NFL Media's Dan Hanzus put together an exhaustive timeline of this low-grade theft, which stripped Dobs of the prized trinket he planned to hang in his Carolina-based "man room." Dobs associate David Sessoms told Omnisport that his traveling party wasn't happy about "evil" Newton's "blatant disregard" for their property.
Sessoms needs to chill -- Newton is far from "evil" -- but this fiasco was poorly conceived by Cam, who has better things to do than bop around the field playing crowd control. Give Dobs his dough!
November Update From The Streets on Private Eye/Play-Caller Frank Cignetti, Jr.
When we last checked up on Frank Cignetti, the Rams OC -- moonlighting as a West Coast-based gumshoe -- was still on the hunt for a missing L.A. teen by the name of Regina Jane François.
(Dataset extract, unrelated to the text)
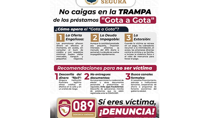 Se exhorta a la población que, en caso de ser o haber sido víctima de este esquema, o si detectan a personas ofreciendo este tipo de «préstamos» en las colonias y entornos regulares: reportar de inmediato a la Línea de Emergencias 9-1-1, utilizar el número 089 para denuncias anónimas y no dejarse intimidar ni realizar más pagos.

Discovering the girl's diary in her vacant childhood bedroom, Cignetti couldn't shake the words of her last recorded entry: "I wish to vanish," she wrote. "Far away from this city, from mother and father, from my studies and cemented future. My current life is over. I'm part of 'The New Dawn Collective' now. Regina Jane François no longer exists."
Fast-forward to Monday, when a Rams source told us that Ol' Cignetti -- following a season-long pattern -- was AWOL in the lead-up to Sunday's disappointing loss to the Vikings. Refusing to return to St. Louis during the week, Frank reportedly "faxed in a half-assed game plan written on a spread of cocktail napkins," leaving his fellow coaches in a fix.
"It's hit a white-hot boiling point," our source said of Cignetti, who remained in Los Angeles until late Saturday night before catching a red-eye from LAX to Lambert-St. Louis International. It was there, in his aisle seat, where Cignetti ordered a pre-takeoff bourbon before reviewing his notes from earlier that afternoon:
11/7/15 (thoughts/notes/evidence): 'The New Dawn Collective' ::: What is it? Can't get my head around it ::: Nothing online but a lone entry from an Orange County-based chatroom for 'Futurist Groups' dated 7/7/13. It reads as follows: "Announcement: The New Dawn Collective seeks like-minded individuals who sense what we do: A change incoming. A time for the great unveiling. A world beyond this world and truth beyond the government-peddled "truth" we've endured for decades. THE DOORS ARE OPENING. /// New Dawn Collective, P.O. Box 17543, Palomar Mountain, CA 92060."
Cignetti's phone lights up. It's a text from Jeff Fisher: "Where the %#$@ are you, Cig?!"
The bourbon arrives as the engines kick in. Frank kills his phone, stirs his drink and watches California vanish out the window, whispering to nobody: "Just try pulling me off this case, you pack of rubes. That's not how Frank Cignetti Jr. operates. Not with somebody's daughter on the lam."